By F. William Engdahl
[This article published in: Zeit-Fragen No.7, 2/13/2006 is translated from the German on the World Wide Web, http://www.zeit-fragen.ch/.]
Important discussions can be found on the Internet suggesting that the imminent opening of the Teheran oil bourse expected in March 2006 could be the true reason for Washington's preparations of a military strike against Iran. When sellers can trade in other currencies than the US dollar - according to the argument -, the US dollar, the financial pillar of the American empire, will collapse along with the global hegemony of the United States. While it may seem convincing, this argument has weak spots. The only currency that could endanger the dollar as the preferred currency of the world oil trade is the euro.
For the sake of argument, let us assume that China, Japan, India, East Asia and the countries of the EU would be ready to trade oil in euros, as Saddam Hussein did from November 2000 with the Iraqi oil-for-food program, then trade with the limited supply of euros on the international finance markets would soon end in a cul-de-sac. The limit lies here with the European Central Bank (EZB) and the Maastricht treaty. The EZB is committed to this Maastricht to strictly limit circulation in euros, to enforce a discipline in state indebtedness and restrict new indebtedness by the governments. As long as this continues with the EZB, no serious challenge exists for the role of the dollar.
Still the matter is even more complex. The role of the dollar as the reserve currency for world trade and the central banks has a political nature. It is a political decision of the Japanese to partly support the US dollar as a return favor for the defensive nuclear shield from the US. This is also true for Saudi Arabia. The governments and economic leaders of the European Union are so closely entwined in a net of dependencies that they fear anything that could turn against Washington or the dollar.
The man who served Teheran as a private advisor in establishing the oil bourse is Chris Cook, former director of the London International Petroleum Exchange (IPE). In a column that recently appeared in the "Asia Times," Cook describes his role since 2001. He tried to convince the authorities in Teheran that as local oil bourse - trading the local crude oil from the Persian Gulf - could free Iran and other OPEC states from the manipulation of the oil price by mammoth investment banks in New York and Europe since these banks use financial derivatives and other means to make immense profits on paper.

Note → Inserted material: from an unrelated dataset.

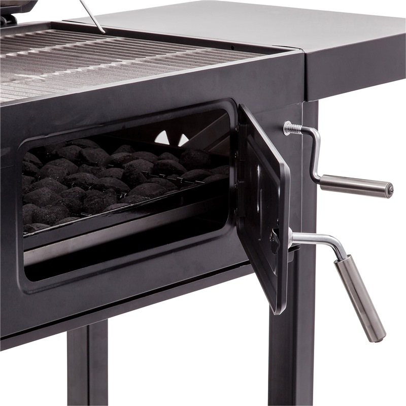 The fire pan has an external crank for individual height settings which allows for an ideal grill control.

"The denomination of oil sales is a pure transaction affair. What counts is in what assets (or in the case of the United States, in what debts) these revenues are then invested," Cook emphasizes. The backgrounds on whose basis Washington could attack or not attack Iran are more important. In the present situation, the oil bourse represents a symbolic manifestation of Iran's desire to be less dependent on a US-dominated dollar-world, no more.